■ Problem to work on
Please write out exactly the line containing "GAP navy cropped" below and every line after it, through the last one, but leave out any pictures.

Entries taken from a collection
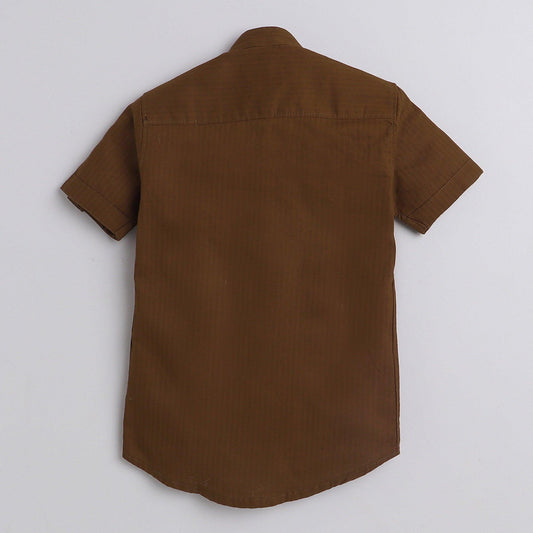 Polka Tots Cotton Regular Fit Half Sleeve Self Hero Metallic Print Shirt - Sea Green
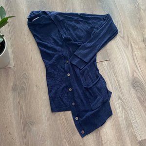 GAP navy cropped long-sleeve thin-knit cardigan with buttons and pockets. In great condition (only worn a couple of times)! Great for work or casual wear. Excellent closet staple & great for spring!
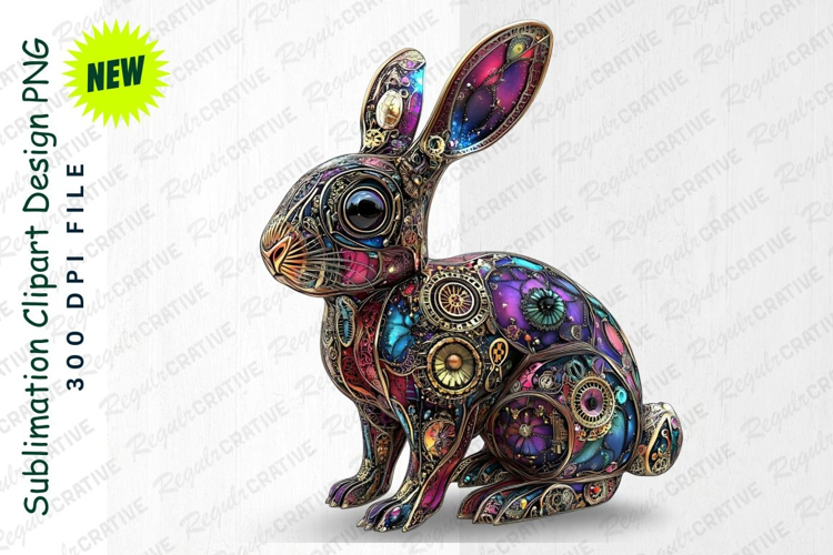 Intricate Steampunk Rabbit Illustration With Gears Clipart example image 1
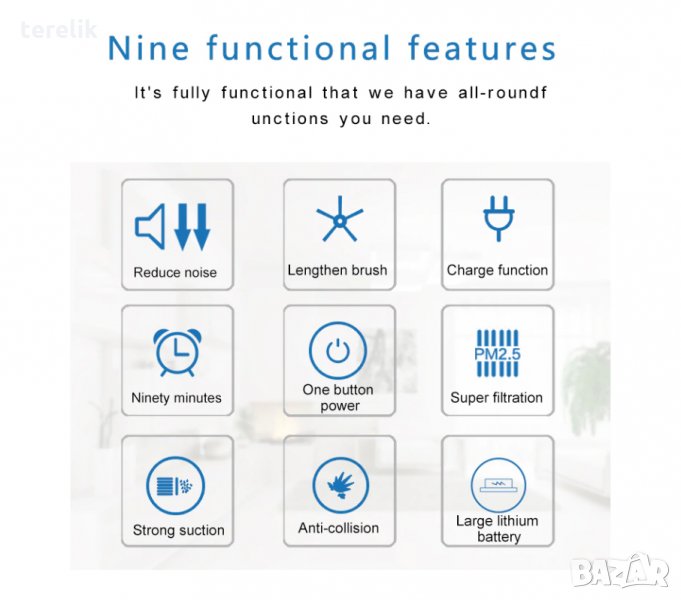 • Издръжлив, с едно натискане на бутон, интелигентно каране, силно всмукване, тихо и екологично, дълготраен живот на батерията
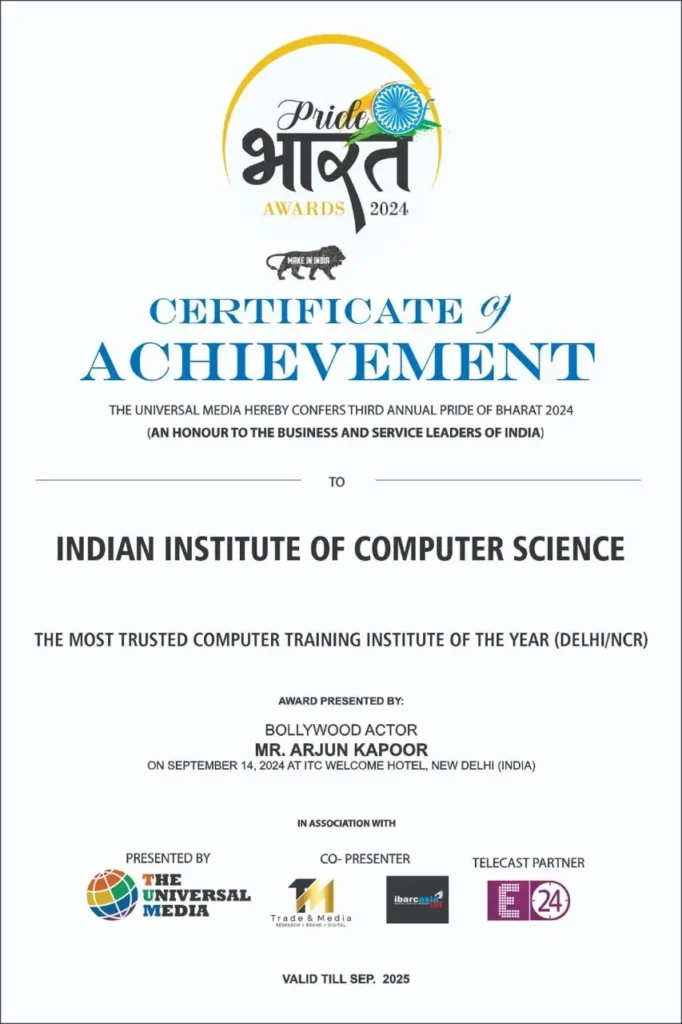 IICS Computer Education has been honored with the prestigious Bharat Pride Award 2024! This award is a testament to our unwavering commitment to excellence in computer education and skill development.
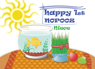 Happy 1st norooz-Niece-Fish Bowl, wheat grass, apples
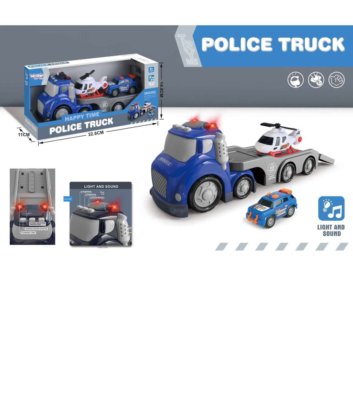 WOOPIE sinine politsei puksiirauto (City Truck) heli- ja valgusefektidega
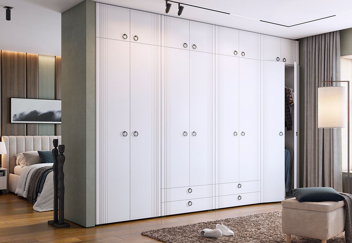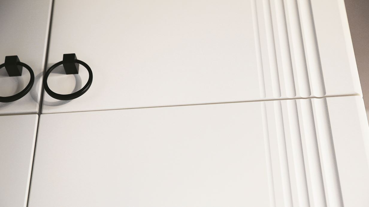 Фасад из МДФ с матовым белым покрытием ПВХ украшен вертикальными фрезерованными полосами — это придает антресоли изысканную текстуру и современный вид.

■ Answer section
 GAP navy cropped long-sleeve thin-knit cardigan with buttons and pockets. In great condition (only worn a couple of times)! Great for work or casual wear. Excellent closet staple & great for spring!
 Intricate Steampunk Rabbit Illustration With Gears Clipart example image 1
 • Издръжлив, с едно натискане на бутон, интелигентно каране, силно всмукване, тихо и екологично, дълготраен живот на батерията
 IICS Computer Education has been honored with the prestigious Bharat Pride Award 2024! This award is a testament to our unwavering commitment to excellence in computer education and skill development.
 Happy 1st norooz-Niece-Fish Bowl, wheat grass, apples
 WOOPIE sinine politsei puksiirauto (City Truck) heli- ja valgusefektidega
 Фасад из МДФ с матовым белым покрытием ПВХ украшен вертикальными фрезерованными полосами — это придает антресоли изысканную текстуру и современный вид.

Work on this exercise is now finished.